From the line containing "年始は1月4日(火)から平常通り受付しております。(火曜日は夜8時まで)" to the last line of the data below, copy everything exactly and nothing else; pictures stay out.

#### DATA EXTRACT:
* * * * * * * * *

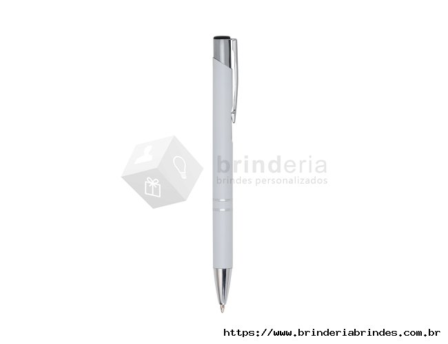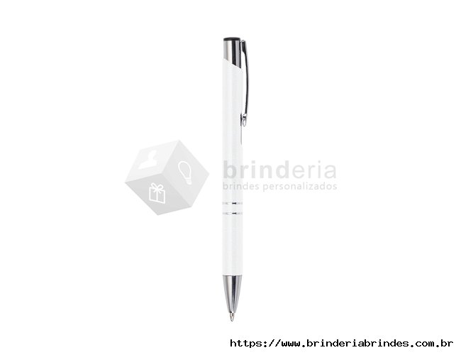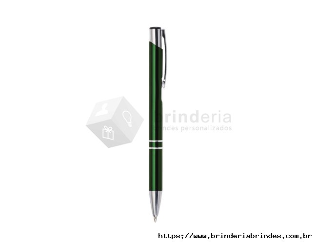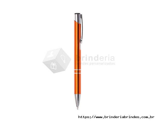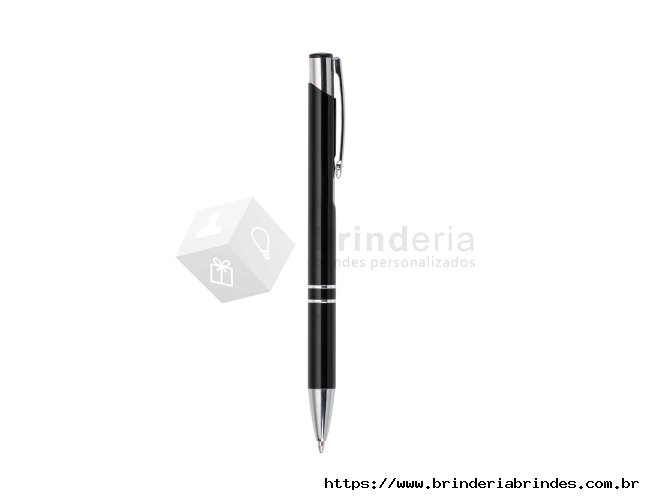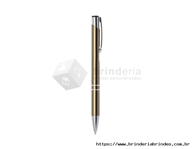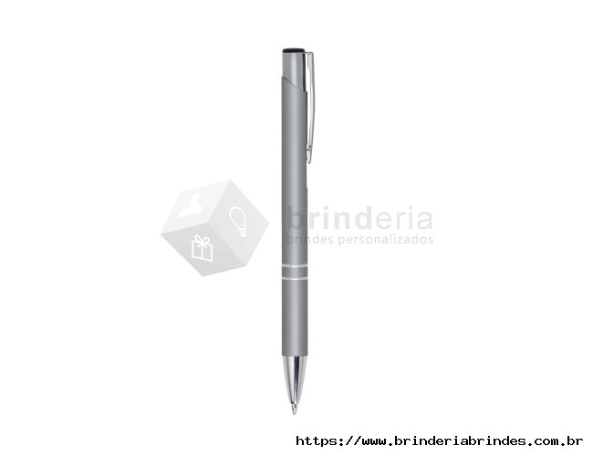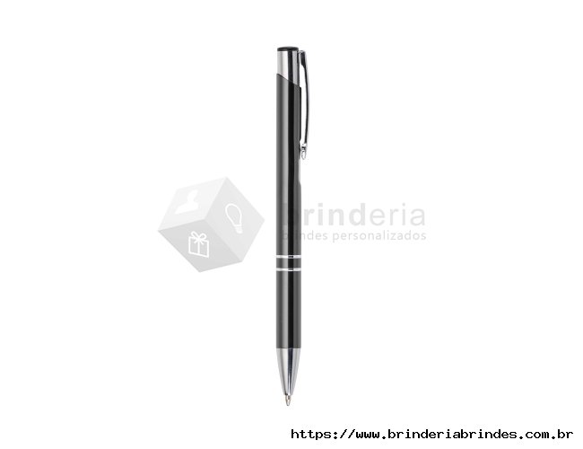 Caneta metálica com carga esferográfica azul e acionamento por clique.
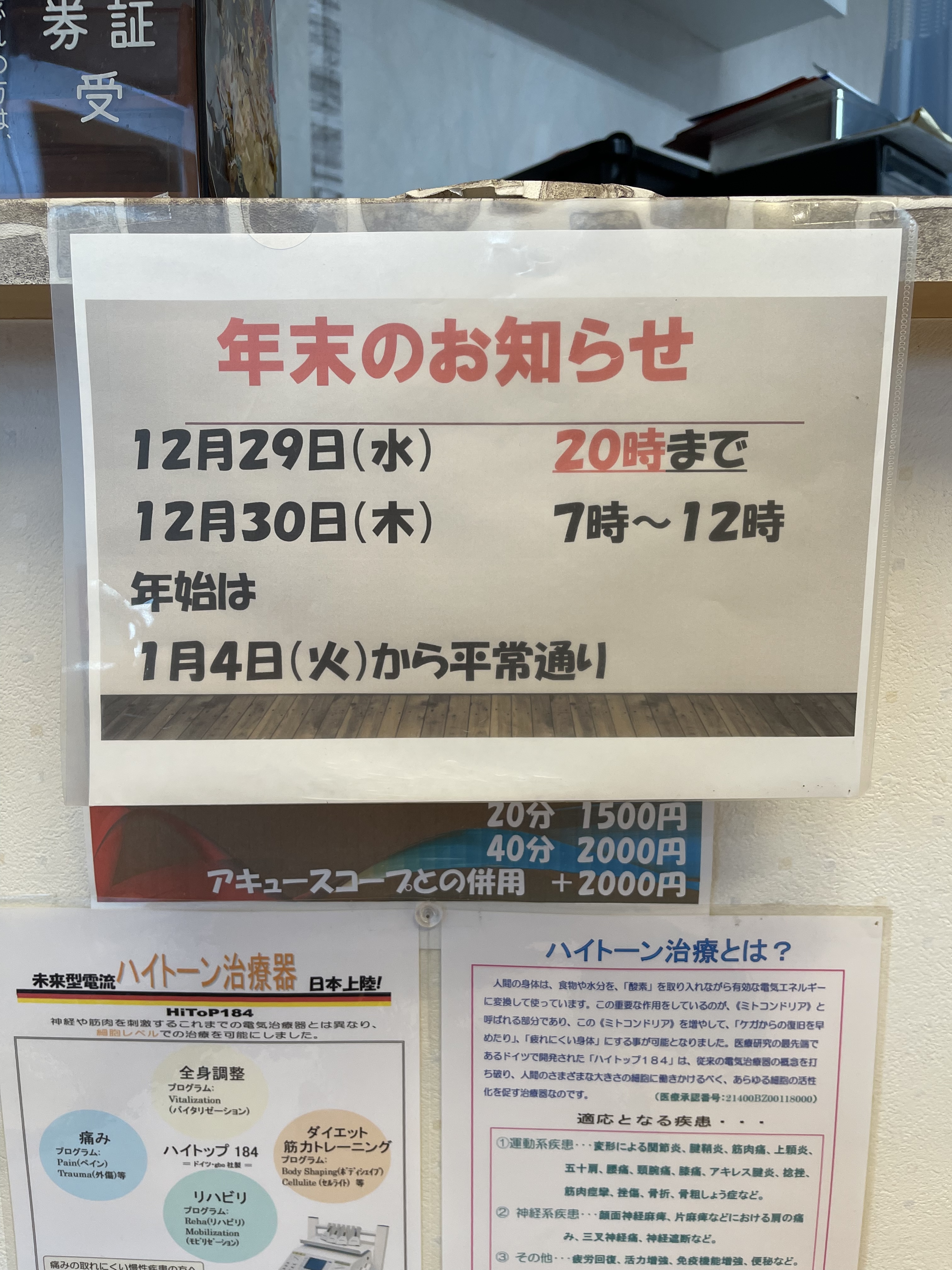 年始は1月4日(火)から平常通り受付しております。(火曜日は夜8時まで)
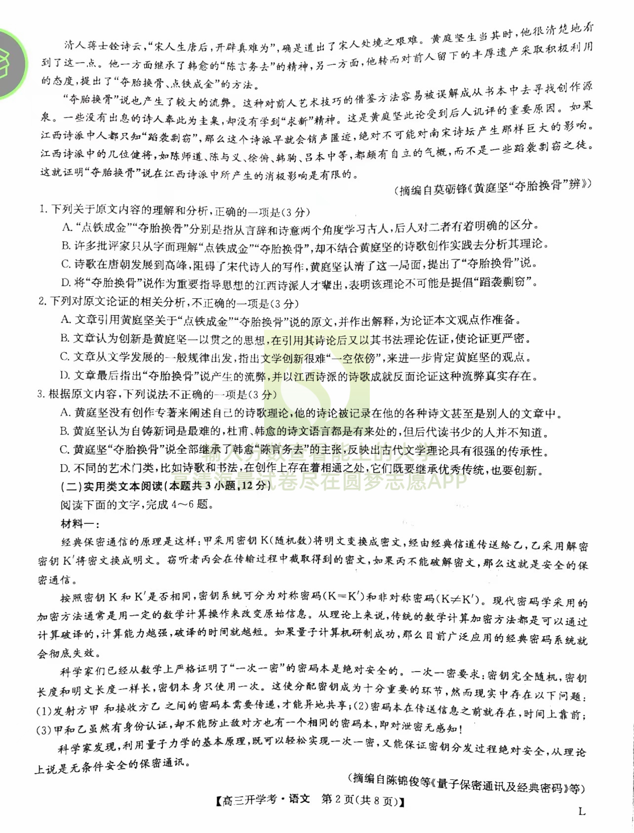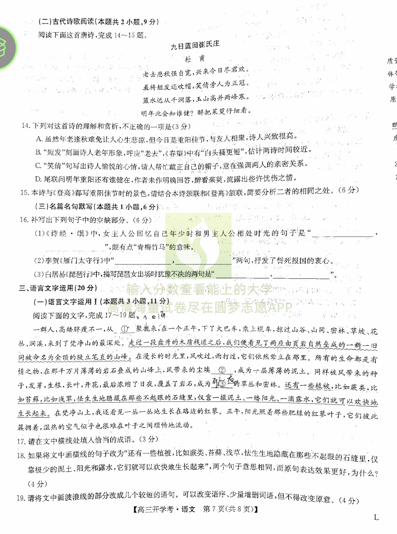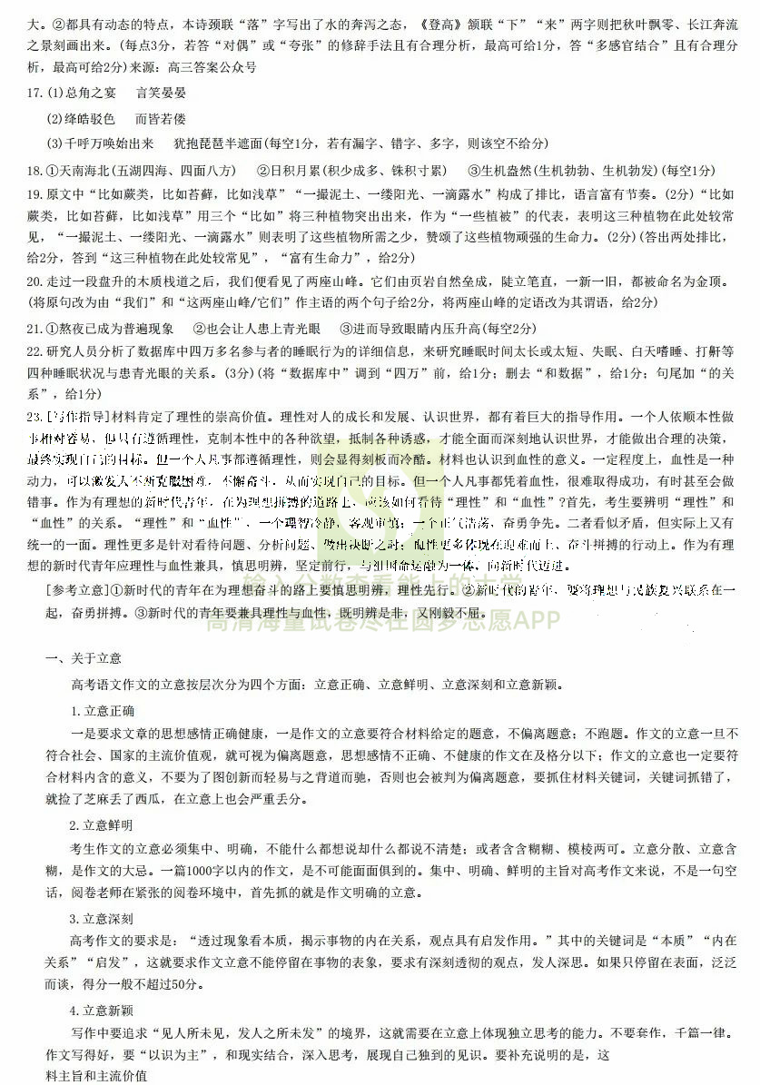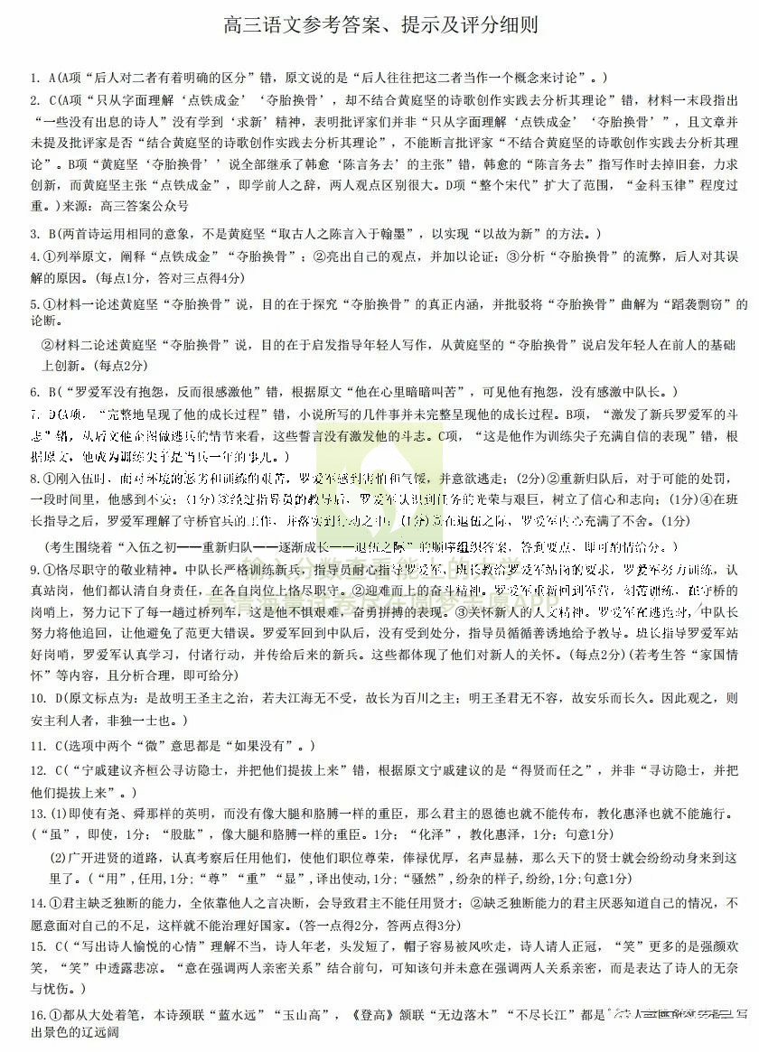 一、语文试卷答案汇总

* * * * * * * * *

#### YOUR RESPONSE:
 年始は1月4日(火)から平常通り受付しております。(火曜日は夜8時まで)
 一、语文试卷答案汇总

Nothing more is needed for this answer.